Score Distillation Sampling (SDS) leverages the power of a pretrained, text-conditioned diffusion model by using its estimated score (or denoising signal) to guide a separate 3D generator.
The process begins by rendering an image from the 3D model, corrupting it with a known noise level, and then passing it through the diffusion model.
The difference between the predicted noise and the actual injected noise acts as a proxy for the gradient of the log-likelihood, which is then used to update the 3D model.
Mathematically, SDS is summarized by a loss term of the form
```
\mathcal{L}_{\text{SDS}} = w(t)\,\bigl\|\epsilon_\theta\bigl(\mathbf{I}_t,t,\mathbf{y}\bigr) - \boldsymbol{\epsilon}\bigr\|^2,
```
with gradients flowing via the rendering process back to the 3D parameters.

This technique elegantly distills 2D image priors into a 3D representation and has proven to be a powerful tool for tasks such as text-to-3D synthesis.

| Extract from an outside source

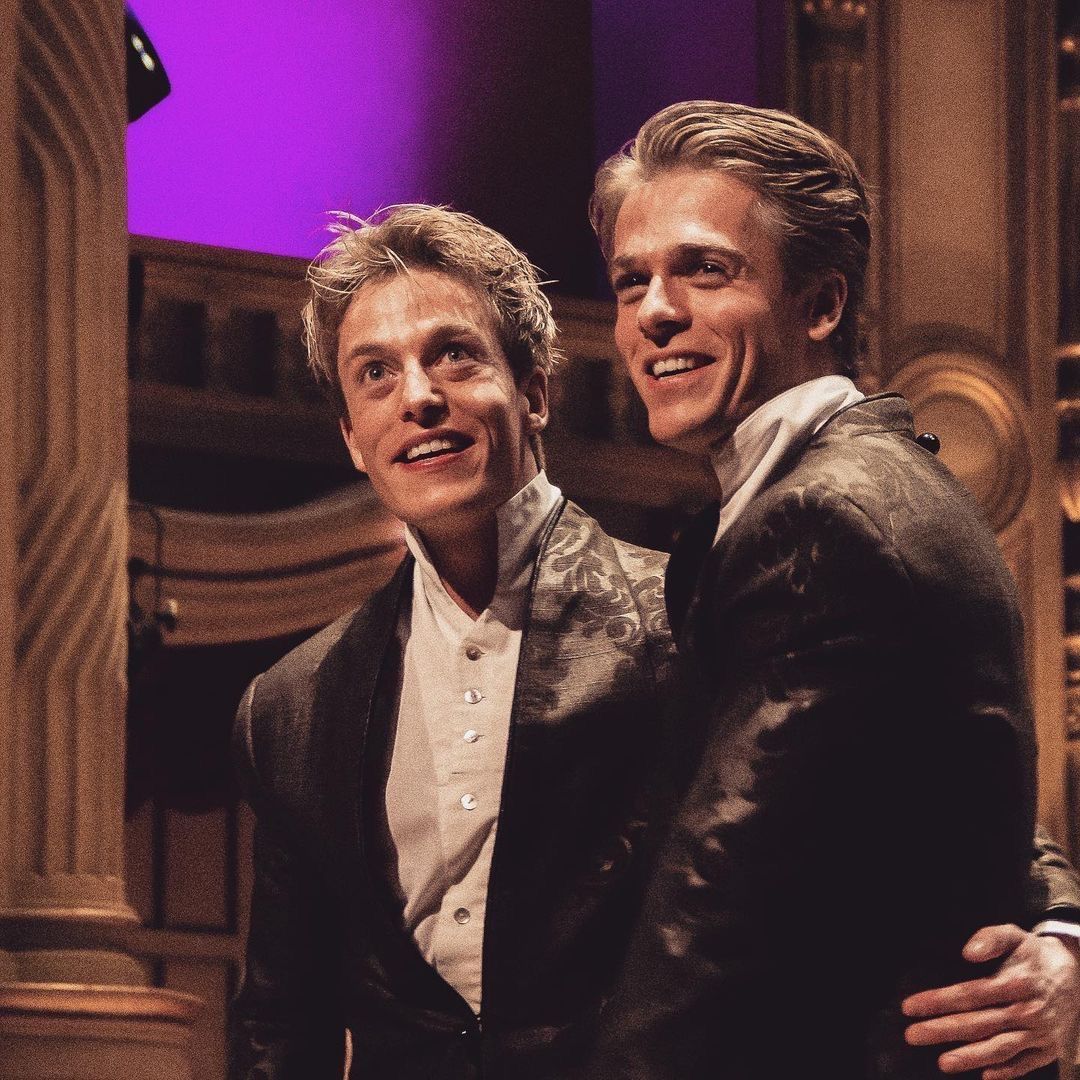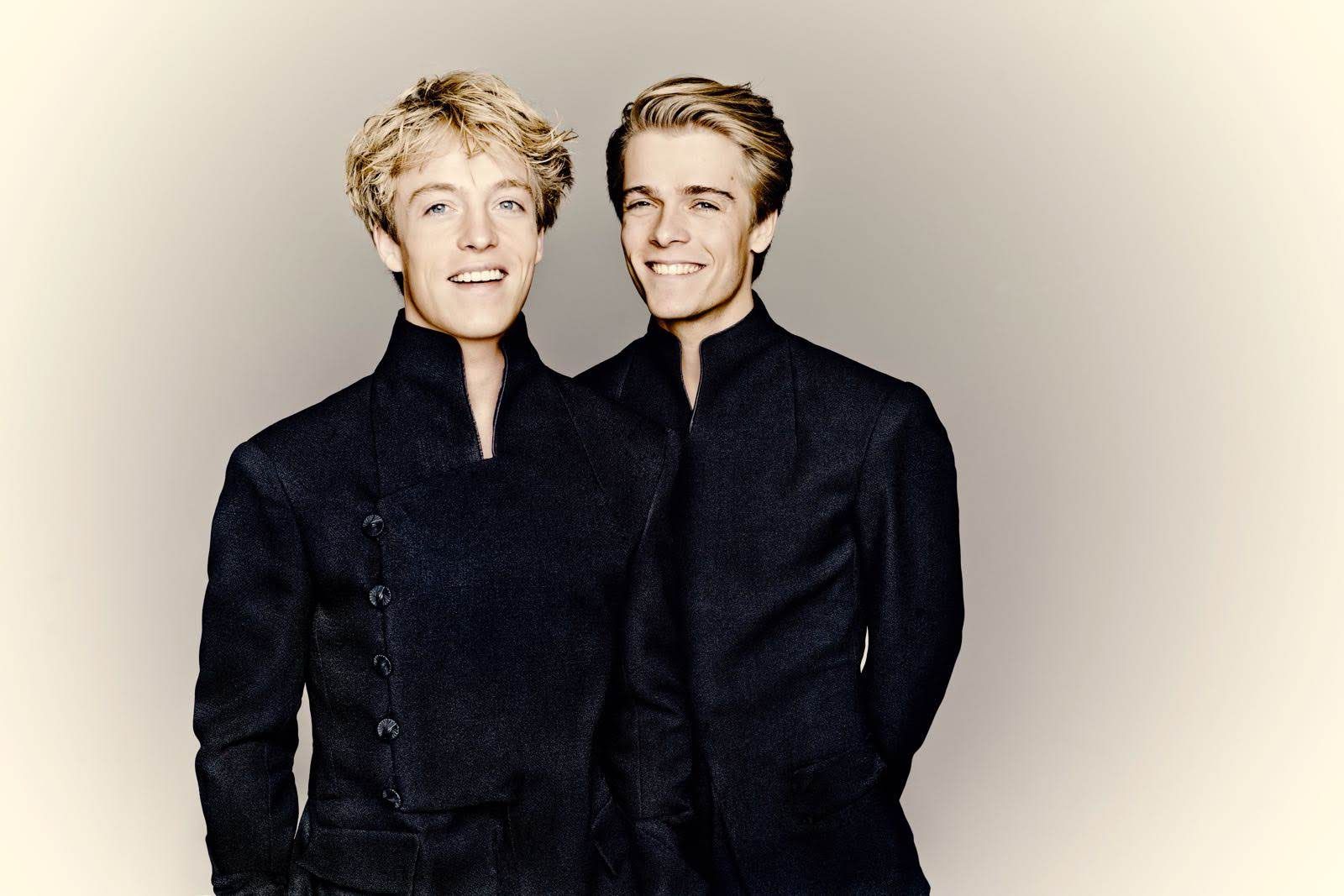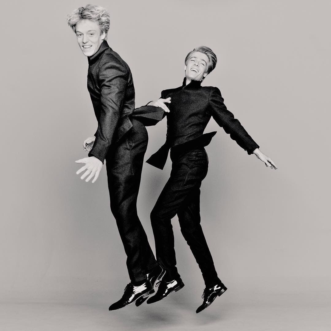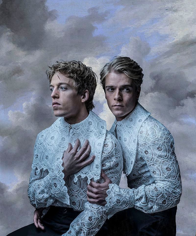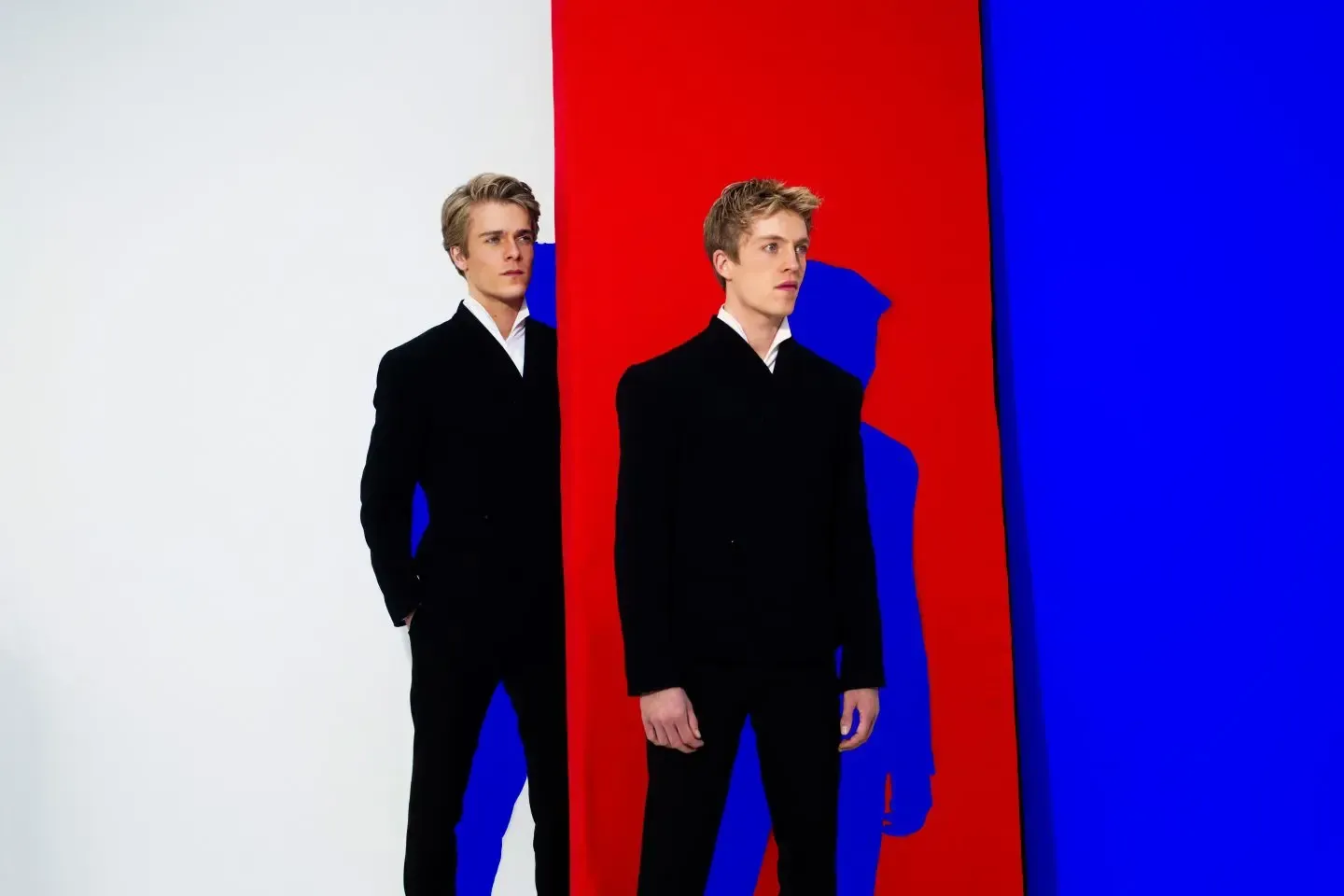 Inspired by this image, a tapestry was conceived, centered around the concentric circle motif. The suits worn by Lucas and Arthur in the photograph were designed to reflect the composition of the background. A key challenge in this design was ensuring that the ensemble, including both the composition and the garments, aligned harmoniously so that all elements would unify and fit.

There’s plenty more to explore. For instance, one might consider:

How different noise schedules and weighting functions $w(t)$ affect convergence.
How the quality of the pretrained diffusion model influences the final 3D output.
Ways to extend SDS to handle more complex conditioning (such as multi-view consistency or lighting changes).